I built this tool because traditional FPGA development requires long synthesis before you can see how your design behaves on real hardware. This simulator eliminates that bottleneck by running Verilog/SystemVerilog designs in a high-performance C++ environment, with visual output rendered at 60fps. This enables rapid prototyping, real-time debugging, and immediate design iteration that would be quite challenging (at least for me!) with regular FPGA toolchains. See below for some of the examples discussed later.
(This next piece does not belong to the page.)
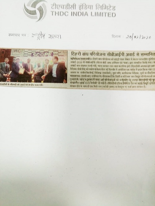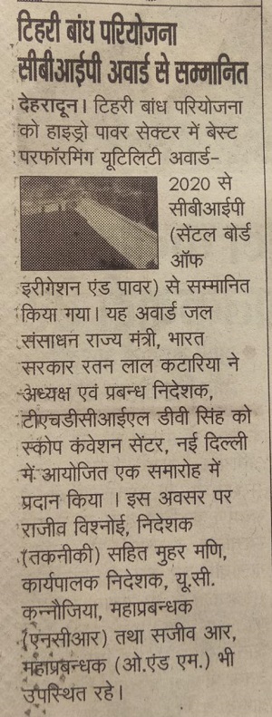 19 फरवरी, 2020 :टिहरी बांध परियोजना को हाइड्रो पावर सेक्‍टर में बेस्‍ट परफॉरमिंग यूटिलिटी अवार्ड-2020 से सीबीआईपी (सेंटल बोर्ड ऑफ इरीगेशन एंड पावर) द्वारा सम्‍मानित किया गया। यह अवार्ड माननीय जल संसाधन राज्‍य मंत्री, भारत सरकार श्री रतन लाल कटारिया द्वारा श्री डी.वी. सिंह, अध्‍यक्ष एवं प्रबन्‍ध निदेशक, टीएचडीसीआईएल को स्‍कोप कंवेशन सेंटर, नई दिल्‍ली में आयोजित एक भब्‍य समारोह में प्रदान किया गया। इस अवसर पर श्री राजीव विश्‍नोई, निदेशक (तकनीकी) सहित श्री मुहर मणि, कार्यपालक निदेशक, श्री यू.सी. कन्‍नौजिया, महाप्रबन्‍धक (एनसीआर) तथा सजीव आर, महाप्रबन्‍धक (ओ.एंड एम.) भी उपस्‍थित रहे।

Early Development in FPGAScope Prototyping

The images above show the initial development of my FPGAScope project. It was much faster to visualize and debug in software simulation than on hardware. The iteration speed is high because modifications to the VGA controller, font rendering logic, or text buffer management can be tested within seconds rather than the typical 20-minute FPGA compilation cycle. This was especially useful for the UI components which would require calculation on where to place a given character in the charBuffer taking away lots of time from other things.
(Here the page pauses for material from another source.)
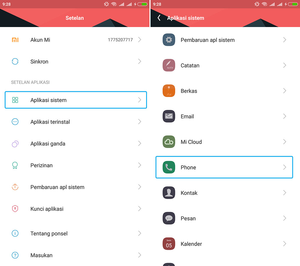1. Langkah pertama, anda bisa masuk pada menu โSetelanโ. Kemudian anda pilih โAplikasi Sistemโ, lalu pilih โPhoneโ.

The middle image above shows the initial proof-of-concept. Every clock cycle's VGA outputs (horizontal sync, vertical sync, RGB color values, and visible region flags) are captured and immediately rasterized to an SDL2 texture. Modifications to character ROM lookup tables, cursor positioning logic, or display refresh rates are instantly visible, creating a nice feedback loop that make it easy to experiment and refine.

Architectural Overview

The Verilator Simulation Engine

I chose Verilator because it's an open-source SystemVerilog and Verilog compiler that transforms HDL designs into optimized cycle-accurate C++ models. Unlike traditional event-driven simulators (ModelSim, Questa, DESim) that interpret RTL constructs at runtime, Verilator performs ahead-of-time compilation, generating native machine code that executes much faster faster than interpreted simulation. The compiled model exposes all module ports as C++ class members, enabling integration with testbench code written in C++. This makes Verilator ideal for the above given real-time visual simulation.

Verilator compiles the Verilog source into C++ source files organized into a class hierarchy where the top-level module becomes a C++ object with public member variables for each port signal.
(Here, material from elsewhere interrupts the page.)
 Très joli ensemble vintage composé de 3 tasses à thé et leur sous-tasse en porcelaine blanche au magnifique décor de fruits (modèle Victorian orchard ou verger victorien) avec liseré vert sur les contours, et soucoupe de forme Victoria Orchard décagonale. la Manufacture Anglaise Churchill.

// Example of typical Verilator API usage
#include "VtbDualMessengerVerilator.h"
#include "verilated.h"

VerilatedContext* contextp = new VerilatedContext;
VtbDualMessengerVerilator* top = new VtbDualMessengerVerilator{contextp};

// Initialize inputs
top->clock50MHz = 0;
top->resetn = 0;
top->scan_code_A = 0;
top->key_action_A = 0;

// Run simulation for one clock cycle
top->eval();  // Evaluate combinational logic
top->clock50MHz = 1;
top->eval();  // Rising edge trigger
top->clock50MHz = 0;
top->eval();  // Falling edge and settle

// Read outputs
uint8_t red_value = top->red_A;
bool vga_visible = top->visible_A;

System Architecture: Testbench, Hardware, and Visualization Layers

The simulation system is architected in three distinct layers, each with clearly defined responsibilities and interfaces. At the foundation lies the Hardware Layer, containing the actual Verilog RTL modules being simulated. This includes the text editor/messenger application logic, VGA driver modules that generate sync signals and pixel data, PS/2 driver modules that decode keyboard scan codes, and peripheral memory components like font ROMs and scancode lookup tables. These modules are written in synthesizable Verilog and are identical to what would be deployed on physical FPGA hardware, ensuring that simulation results accurately predict real-world behavior.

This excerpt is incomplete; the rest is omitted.